The below summary is a simplified summary of the disclosure in order to provide a basic understanding of some aspects of the disclosure. This summary is not an extensive overview of the disclosure. It is intended neither to identify key or critical elements of the disclosure, nor delineate any scope of the particular implementations of the disclosure or any scope of the claims. Its sole purpose is to present some concepts of the disclosure in a simplified form as a prelude to the more detailed description that is presented later.

An aspect of the disclosure provides a method for modifying audio data in a virtual meeting to increase understandability. The method may include causing a virtual meeting user interface (UI) to be presented during a virtual meeting between one or more participants. The virtual meeting UI may provide first audio data associated with an audio stream produced by a client device of a first participant of one or more participants. The method may include determining that the first audio data associated with the audio stream produced by the client device of the first participant is to be modified during the virtual meeting. The method may include generating, using an artificial intelligence (AI) model and using the audio stream produced by the client device of the first participant as input to the AI model, a modified audio stream to improve understandability of the first audio data by one or more of the participants of the virtual meeting. The method may include causing second audio data associated with the modified audio stream to be provided during the virtual meeting in place of the first audio data.
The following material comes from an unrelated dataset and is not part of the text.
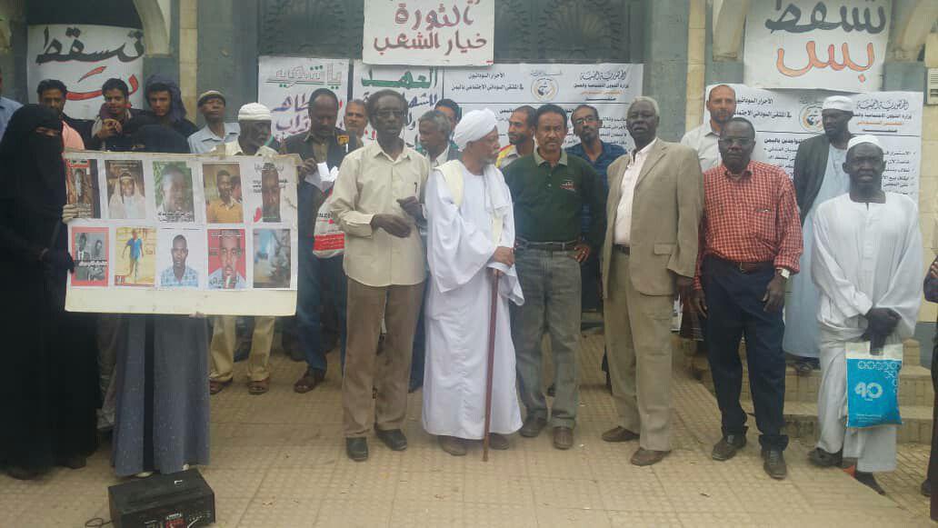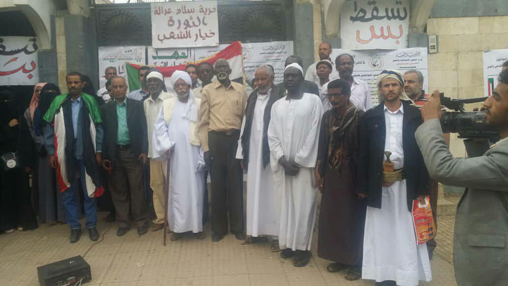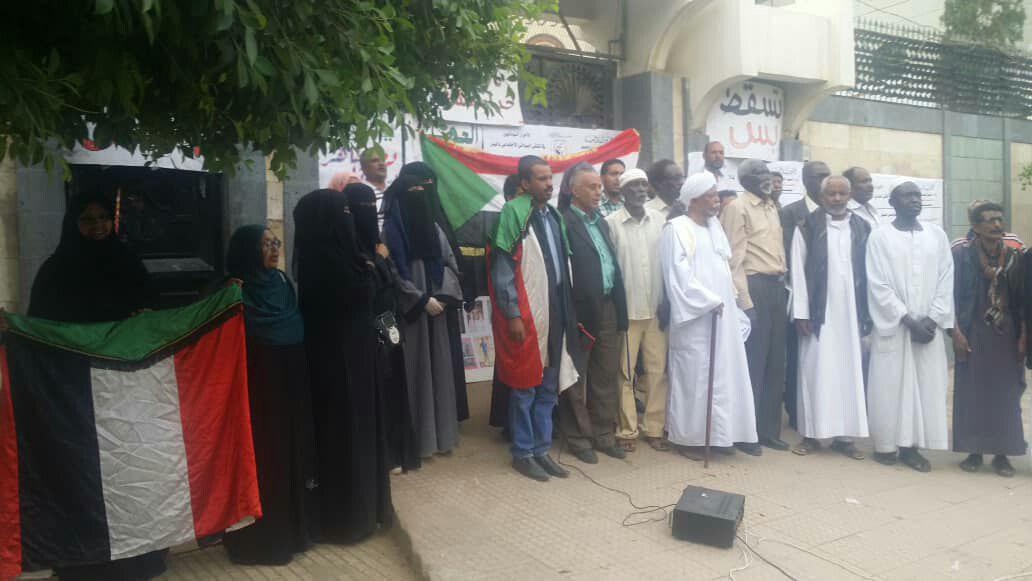 وفي الوقفة أكد ممثل فرع حزب الأمة السوداني في اليمن رئيس مجلس الحكماء السودانيين، شيخ الدين محمد نور، على مطالب الثوار السودانيين في اليمن .. مطالبا المجلس العسكري السوداني بإيقاف المتاجرة بالثورة وبيعها للإمارات والسعودية ومحاولة الالتفاف عليها.
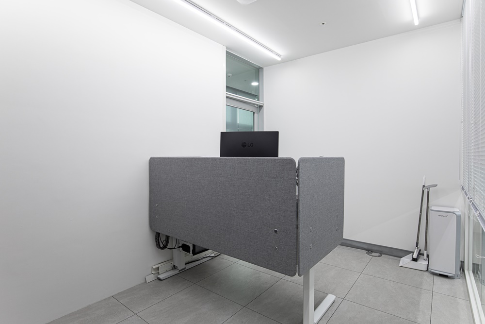 인체공학적 책상과 의자, 정돈된 선반 덕분에 집중력과 업무 효율이 높아지고 블라인드 조절을 통해 개인 맞춤형 환경을 만들 수 있답니다.

Another aspect of the disclosure provides a system for modifying audio data in a virtual meeting to increase understandability. The system may include a memory and a processing device coupled to the memory. The processing device may be configured to perform one or more operations. The operations may include causing a virtual meeting UI to be presented during a virtual meeting between one or more participants. The virtual meeting UI provides first audio data associated with an audio stream produced by a client device of a first participant of the one or more participants. The operations may include determining that the first audio data associated with the audio stream produced by the client of the first participant is to be modified during the virtual meeting. The operations may include generating, using an AI model and using the audio stream produced by the client device of the first participant as input to the AI model, a modified audio stream to improve understandability of the first audio data by one or more of the participants of the virtual meeting. The operations may include causing second audio data associated with the modified audio stream to be provided during the virtual meeting in place of the first audio data.

Another aspect of the disclosure provides another method for modifying audio data in a virtual meeting to increase understandability. The method may include causing a virtual meeting UI to be presented during a virtual meeting between one or more participants. The virtual meeting UI may provide multiple first audio data at multiple time periods during the virtual meeting. Each first audio data of the multiple first audio data may be associated with an audio stream produced by a client device of a respective participant of the one or more participants. The method may include determining that the multiple first audio data are to be modified during the virtual meeting. The method may include generating, using multiple AI models and using the audio streams of the one or more participants as input to the AI models, multiple modified audio streams. Each modified audio stream is associated with a participant of the one or more participants, and the respective modified audio streams improve understandability of the respective first audio data by one or more participants of the virtual meeting. The method may include causing multiple second audio data associated with the multiple modified audio streams to be provided during the virtual meeting in place of the multiple first audio data.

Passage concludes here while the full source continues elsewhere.